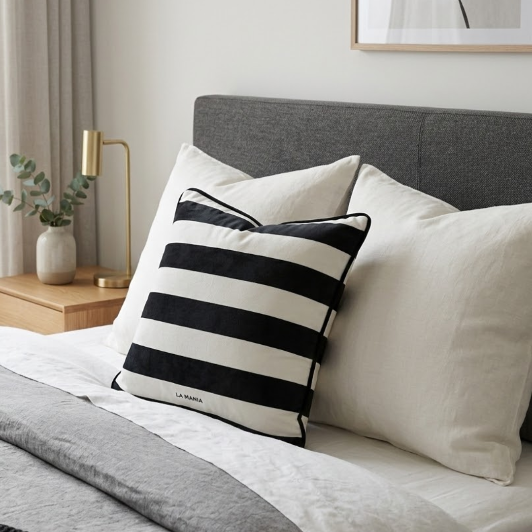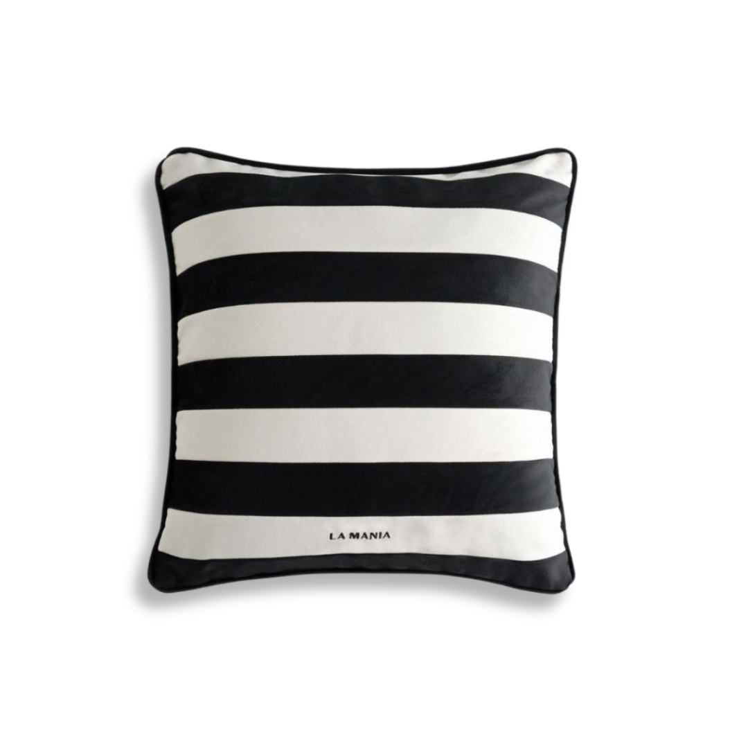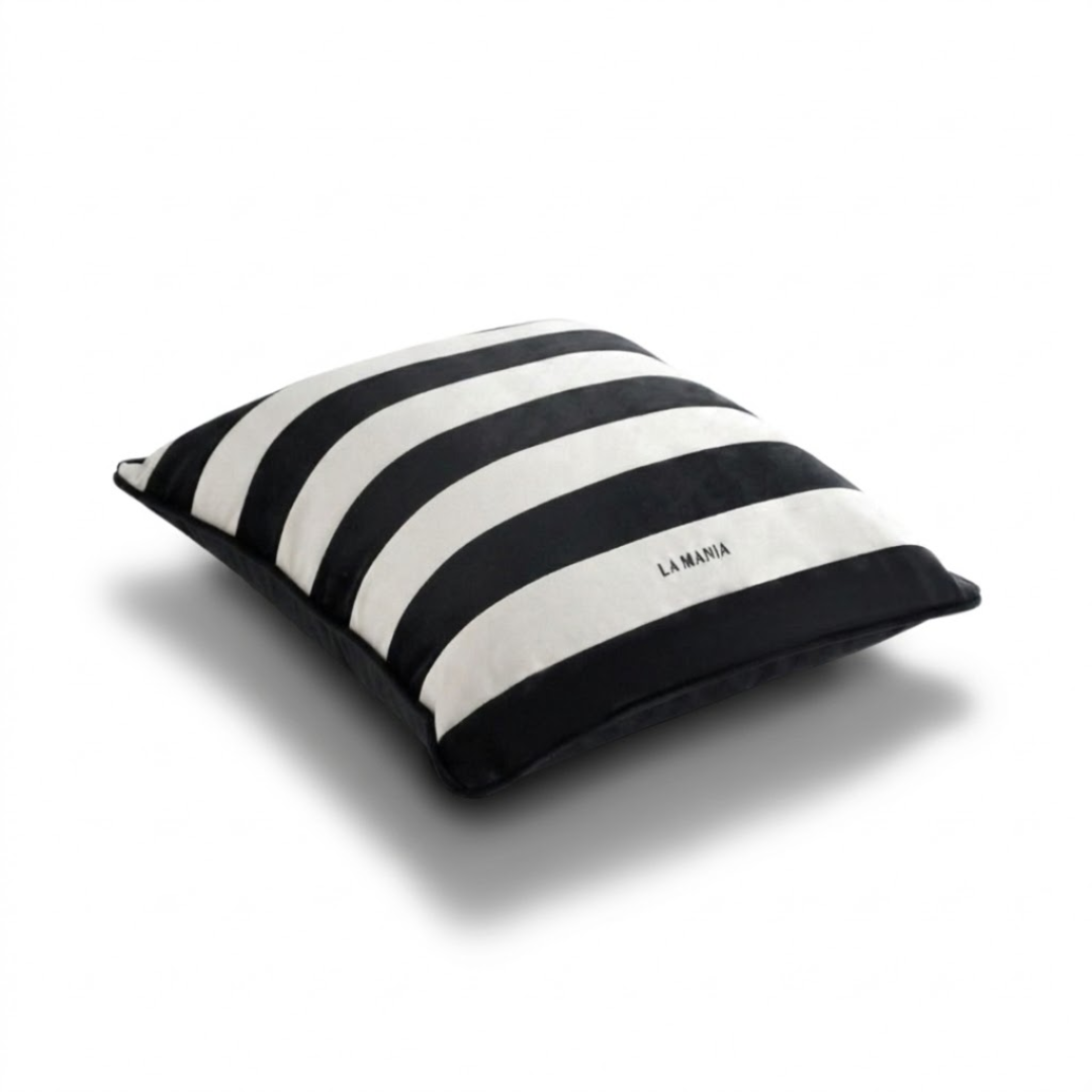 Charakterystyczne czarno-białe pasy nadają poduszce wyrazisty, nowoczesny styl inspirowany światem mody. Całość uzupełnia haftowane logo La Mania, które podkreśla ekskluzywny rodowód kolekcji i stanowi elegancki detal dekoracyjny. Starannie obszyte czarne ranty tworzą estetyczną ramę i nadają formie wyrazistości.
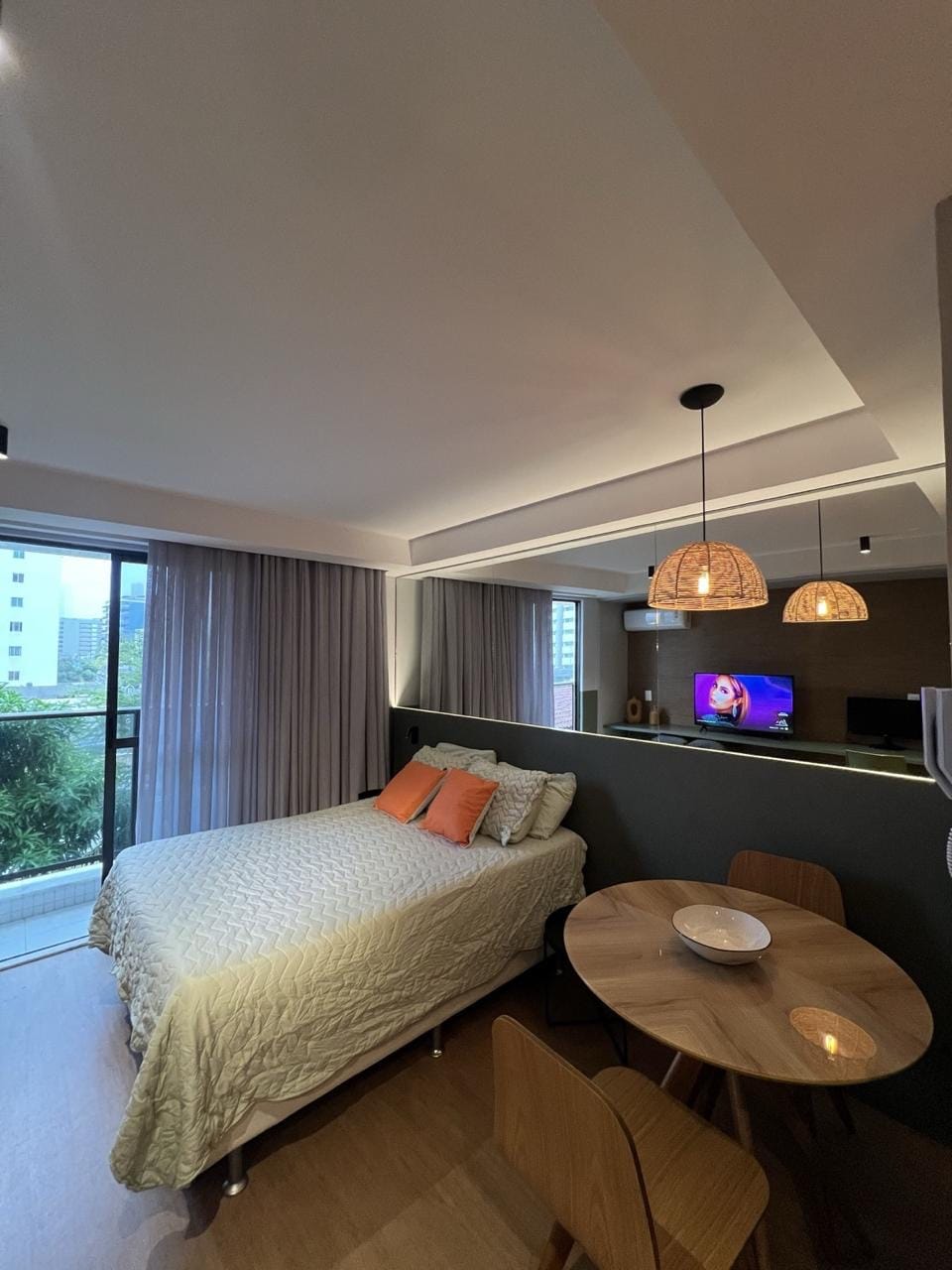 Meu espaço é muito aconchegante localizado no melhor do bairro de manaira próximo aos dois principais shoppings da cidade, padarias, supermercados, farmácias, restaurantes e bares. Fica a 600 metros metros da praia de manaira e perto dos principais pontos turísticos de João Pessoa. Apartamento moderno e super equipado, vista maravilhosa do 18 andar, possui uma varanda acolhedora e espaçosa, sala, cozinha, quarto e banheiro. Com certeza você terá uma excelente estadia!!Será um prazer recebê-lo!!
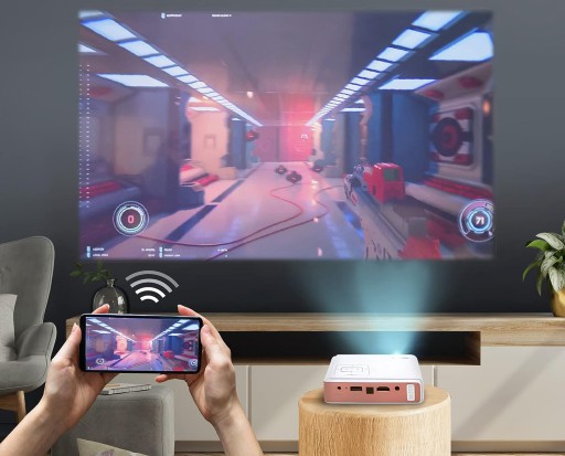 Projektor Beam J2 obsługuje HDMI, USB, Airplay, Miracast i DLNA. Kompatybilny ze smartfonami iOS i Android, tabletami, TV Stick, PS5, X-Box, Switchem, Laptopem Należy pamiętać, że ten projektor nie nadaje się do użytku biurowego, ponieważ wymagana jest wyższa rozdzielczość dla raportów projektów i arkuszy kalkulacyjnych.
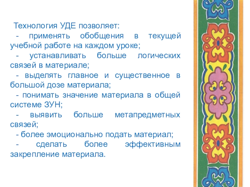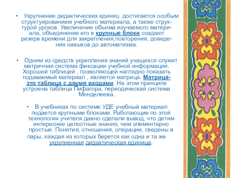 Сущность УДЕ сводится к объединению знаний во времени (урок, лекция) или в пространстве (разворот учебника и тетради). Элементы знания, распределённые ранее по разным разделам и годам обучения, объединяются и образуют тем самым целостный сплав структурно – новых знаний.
########
** Exercise objective **
Exact output of each line above is wanted, without the pictures.

** Completed exercise **
 Charakterystyczne czarno-białe pasy nadają poduszce wyrazisty, nowoczesny styl inspirowany światem mody. Całość uzupełnia haftowane logo La Mania, które podkreśla ekskluzywny rodowód kolekcji i stanowi elegancki detal dekoracyjny. Starannie obszyte czarne ranty tworzą estetyczną ramę i nadają formie wyrazistości.
 Meu espaço é muito aconchegante localizado no melhor do bairro de manaira próximo aos dois principais shoppings da cidade, padarias, supermercados, farmácias, restaurantes e bares. Fica a 600 metros metros da praia de manaira e perto dos principais pontos turísticos de João Pessoa. Apartamento moderno e super equipado, vista maravilhosa do 18 andar, possui uma varanda acolhedora e espaçosa, sala, cozinha, quarto e banheiro. Com certeza você terá uma excelente estadia!!Será um prazer recebê-lo!!
 Projektor Beam J2 obsługuje HDMI, USB, Airplay, Miracast i DLNA. Kompatybilny ze smartfonami iOS i Android, tabletami, TV Stick, PS5, X-Box, Switchem, Laptopem Należy pamiętać, że ten projektor nie nadaje się do użytku biurowego, ponieważ wymagana jest wyższa rozdzielczość dla raportów projektów i arkuszy kalkulacyjnych.
 Сущность УДЕ сводится к объединению знаний во времени (урок, лекция) или в пространстве (разворот учебника и тетради). Элементы знания, распределённые ранее по разным разделам и годам обучения, объединяются и образуют тем самым целостный сплав структурно – новых знаний.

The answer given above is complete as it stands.